FDA OKs Therapy for Deadly Pediatric Immune Disorder

The FDA on Thursday granted accelerated approval to marnetegragene autotemcel (Kresladi) as the first gene therapy for treating kids with severe leukocyte adhesion deficiency type I (LAD-I), an ultra-rare inherited immune deficiency.

Approval stipulates use in LAD-I cases caused by biallelic variants in the ITGB2 gene and in which no human leukocyte antigen (HLA)-matched sibling donor is available for allogeneic hematopoietic stem cell transplant.

LAD-I has an estimated incidence of 1 per 100,000-200,000 live births, and the disorder brings substantial morbidity and mortality in a child’s first decade of life.
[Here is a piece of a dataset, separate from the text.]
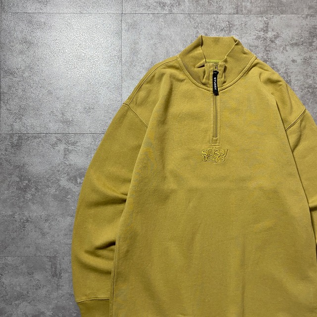 90's old stussy ステューシー 刺繍ワンポイント ハーフジップ カーキグリーン スウェット トレーナー
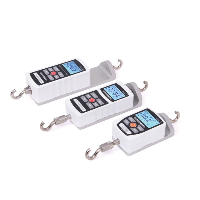 These adapters allow a force gauge to be used in inline pull testing or weighing applications. A 5/16-18 threaded hole at each end is axially aligned with the load cell shaft in the force gauge, for mounting hooks or other attachments. Three adapters are offered, accommodating Mark-10 force gauges with capacities up to 500 lbF (2.5 kN).

Roughly two-thirds of patients have the severe form of the disease, which is characterized by recurrent, life-threatening infections that don’t respond well to antimicrobials and time spent in and out of hospitals.

Using patients’ own genetically modified stem cells, a single infusion of marnetegragene autotemcel is administered to introduce functional copies of ITGB2 and help patients fight off infections by restoring CD18 and CD11a cell surface expression in white blood cells, including neutrophils.

CD18 is “a key protein that is expressed along CD11 integrins to facilitate leukocyte adhesion to the blood vessel wall and migration to tissues to confine and clear infections and orchestrate wound repair,” according to drugmaker Rocket Pharmaceuticals.

An open-label, single-arm phase I/II trial supporting approval showed that following stem cell mobilization and myeloablative conditioning, the autologous hematopoietic stem cell-based gene therapy led to an increase in neutrophil CD18 and CD11a surface expression at 1 year post-infusion. Expression of the LAD-I-specific biomarkers of improved immune activity were sustained at 2 years.

“As a clinician, I have seen firsthand the serious impact that severe LAD-I can have on young children and their families,” investigator Donald Kohn, MD, of the University of California Los Angeles, said in a press release from the drugmaker. “The approval of Kresladi represents the culmination of many years of scientific research and clinical collaboration aimed at addressing the underlying cause of this devastating disease.”

FDA said that continued approval may be contingent on a confirmatory trial to verify clinical benefit.

Common adverse events (30% or more) cited in the labeling included mucositis; viral, skin, device-related, and upper respiratory tract infections; febrile neutropenia; skin lesions; nausea or vomiting; dermatitis; pyrexia; decreases in hemoglobin, leukocytes, platelets, and neutrophils; and increases in liver enzymes.

The warnings and precaution section notes potential risks of serious infections, veno-occlusive disease, neutrophil engraftment failure or delayed platelet engraftment, lentiviral vector-mediated insertional oncogenesis, and hypersensitivity reactions.